### [Dataset excerpts]
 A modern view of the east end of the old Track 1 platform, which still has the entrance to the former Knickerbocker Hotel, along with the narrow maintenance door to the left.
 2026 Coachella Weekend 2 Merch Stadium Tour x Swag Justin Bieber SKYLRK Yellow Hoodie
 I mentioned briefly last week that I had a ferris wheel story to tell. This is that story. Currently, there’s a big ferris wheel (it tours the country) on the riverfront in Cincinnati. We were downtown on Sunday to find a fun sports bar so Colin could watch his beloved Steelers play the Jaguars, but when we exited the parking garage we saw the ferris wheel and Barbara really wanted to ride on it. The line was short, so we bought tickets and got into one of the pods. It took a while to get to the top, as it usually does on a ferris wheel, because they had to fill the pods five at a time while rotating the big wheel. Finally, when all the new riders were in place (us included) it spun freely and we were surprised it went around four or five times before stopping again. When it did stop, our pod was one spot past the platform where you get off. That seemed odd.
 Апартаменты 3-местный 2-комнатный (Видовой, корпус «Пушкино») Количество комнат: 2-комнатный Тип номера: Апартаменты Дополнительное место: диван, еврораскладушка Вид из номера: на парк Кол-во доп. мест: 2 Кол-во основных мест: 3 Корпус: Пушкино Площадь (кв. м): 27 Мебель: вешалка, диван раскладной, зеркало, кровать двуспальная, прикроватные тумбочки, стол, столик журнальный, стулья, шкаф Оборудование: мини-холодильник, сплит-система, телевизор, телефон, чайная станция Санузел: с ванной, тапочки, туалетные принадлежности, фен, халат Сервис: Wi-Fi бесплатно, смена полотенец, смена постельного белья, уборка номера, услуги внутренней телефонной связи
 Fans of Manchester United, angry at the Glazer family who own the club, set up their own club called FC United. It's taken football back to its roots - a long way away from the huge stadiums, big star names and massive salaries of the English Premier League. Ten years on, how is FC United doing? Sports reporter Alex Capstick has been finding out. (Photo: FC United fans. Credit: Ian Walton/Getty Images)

==

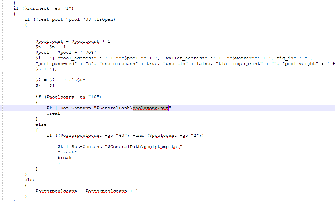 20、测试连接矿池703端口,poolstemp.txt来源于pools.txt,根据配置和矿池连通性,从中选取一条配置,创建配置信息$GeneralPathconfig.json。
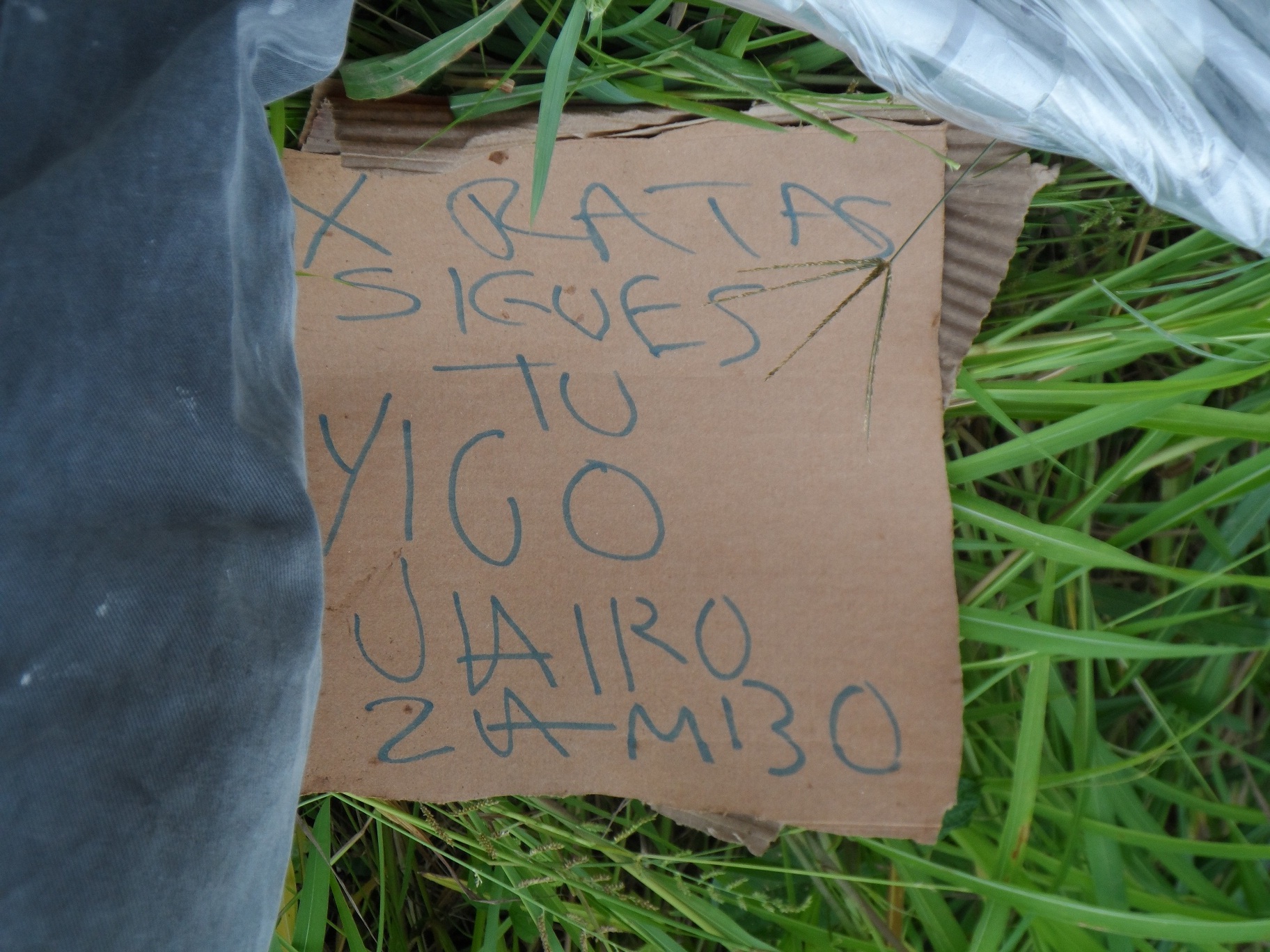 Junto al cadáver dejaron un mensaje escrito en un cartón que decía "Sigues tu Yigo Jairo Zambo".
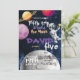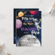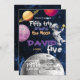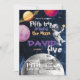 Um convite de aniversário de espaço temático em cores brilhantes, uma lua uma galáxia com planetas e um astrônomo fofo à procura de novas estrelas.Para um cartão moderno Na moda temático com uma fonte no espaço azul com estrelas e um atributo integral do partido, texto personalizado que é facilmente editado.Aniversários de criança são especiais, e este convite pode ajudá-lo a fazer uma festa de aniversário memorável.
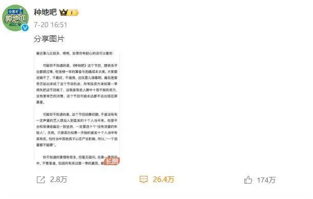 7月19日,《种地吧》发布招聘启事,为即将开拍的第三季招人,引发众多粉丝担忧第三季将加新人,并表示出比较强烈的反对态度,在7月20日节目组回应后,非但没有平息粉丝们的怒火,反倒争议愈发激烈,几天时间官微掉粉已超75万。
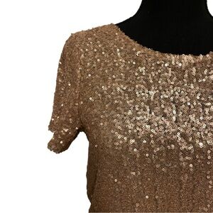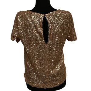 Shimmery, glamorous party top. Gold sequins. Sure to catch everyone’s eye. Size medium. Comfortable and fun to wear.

### [WHAT IS REQUIRED]
Could you return all lines from the data above that contain the string "platform"?

### [RESULT OF THE EXERCISE]
 A modern view of the east end of the old Track 1 platform, which still has the entrance to the former Knickerbocker Hotel, along with the narrow maintenance door to the left.
 I mentioned briefly last week that I had a ferris wheel story to tell. This is that story. Currently, there’s a big ferris wheel (it tours the country) on the riverfront in Cincinnati. We were downtown on Sunday to find a fun sports bar so Colin could watch his beloved Steelers play the Jaguars, but when we exited the parking garage we saw the ferris wheel and Barbara really wanted to ride on it. The line was short, so we bought tickets and got into one of the pods. It took a while to get to the top, as it usually does on a ferris wheel, because they had to fill the pods five at a time while rotating the big wheel. Finally, when all the new riders were in place (us included) it spun freely and we were surprised it went around four or five times before stopping again. When it did stop, our pod was one spot past the platform where you get off. That seemed odd.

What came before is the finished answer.